The Dulcitones

     The Dulcitones, an instrumental and vocal quartet based in Carter County, Missouri, will perform on the main stage of the 2009 Old-Time Music, Ozark Heritage Festival on Saturday, June 20, at 11 AM.

     As its name suggests, the group spotlights the dulcimer, specifically the version of the instrument known as the lap dulcimer or mountain dulcimer.  Although it evidently evolved from various European stringed instruments, the lap dulcimer developed here in the United States.

     Though found throughout the Upland South, the dulcimer seems not to have been as prominent within the region’s string music traditions as some other instruments (such as the fiddle and the banjo) prior to the folk revivals of the early and mid-20th century, when scholars and musicians gave it broader public recognition. 

     The Dulcitones consist of lap dulcimer players Virgie Alcorn Evans, Dana Feller, and Sylvia Richmond, and keyboardist Alta Richmond.  Evans is from Ellsinore; the other musicians are from Grandin.  The quartet performs a variety of American traditional music.

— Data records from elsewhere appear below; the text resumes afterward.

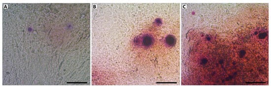 Figure 7. Alizarin red staining of cells cultured on flat titanium (A), amorphous (B) and anatase TiO2 layered substrates (C) in non-osteogenic medium after 24 d of culture. Scale bar: 100 µm.
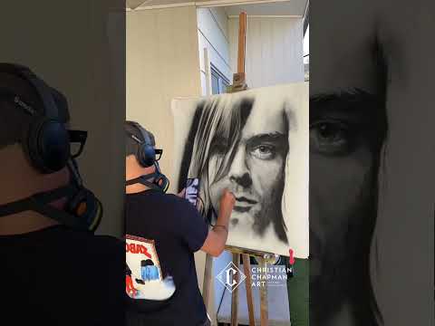 This painting is an original artwork of Kurt Cobain on framed canvas by Christian Chapman.
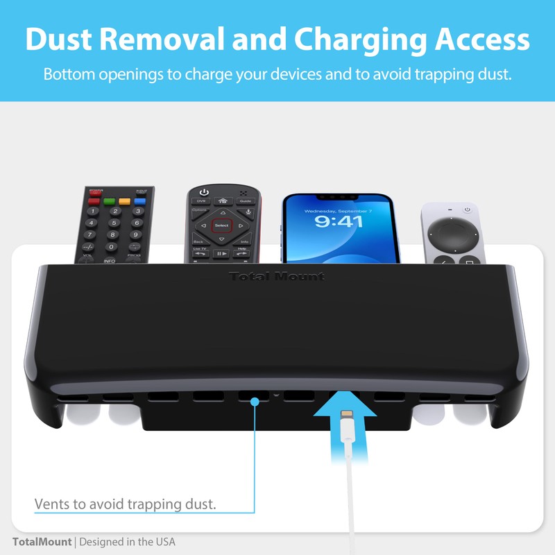 TotalMount Hole-Free Remote Holder – Eliminates the Need to Drill Holes in Your Wall (Premium Black Remote Control Holder for 5 or 6 Remotes)

     Evans and Sylvia Richmond began playing together informally in 2004, and Feller and former member Joan Ballard soon joined them; Alta Richmond became a member of the group later.  The success of their first public performance during the dedication of a reconstructed log cabin on the courthouse grounds in Van Buren led them to consider performing regularly, and they began doing so with guidance from professional musician Susie Solomon of Ripley County.

     The Dulcitones have performed at cultural events throughout the region, including Civil War Days in Doniphan and Old Greenville Days in Greenville, and they appear often at the Bill Emerson Memorial Visitor Center at Wappapello Lake.  They also perform frequently at nursing homes in the Poplar Bluff area.

     This will be the Dulcitones’ first appearance at the Old-Time Music, Ozark Heritage Festival.  Prior to the performance itself, Sylvia Richmond will offer a brief, informal discussion of the dulcimer and dulcimer playing on the brush arbor stage at 10 AM.

     Sylvia Richmond explained that she took up the dulcimer at age 70.  She owned a dulcimer that had belonged to her late son but had little interest in music after the passing of both her son and her mother, who was also a musician and who had often played with her son. 

     However, Richmond’s niece encouraged her to take up the instrument, and both she and her niece began taking lessons at Foxfire Music in Fairdealing. 

     Her initial efforts with the instrument involved methodical instruction and reading music, but after the music store closed and her lessons came to an end, she continued learning by ear and experimentation, relying on the aural skills that she developed through playing the piano informally for many years.

     Anyone who is interested in learning more about the history of the instrument or would like to trade tunes or techniques is encouraged to participate in Richmond’s informal workshop.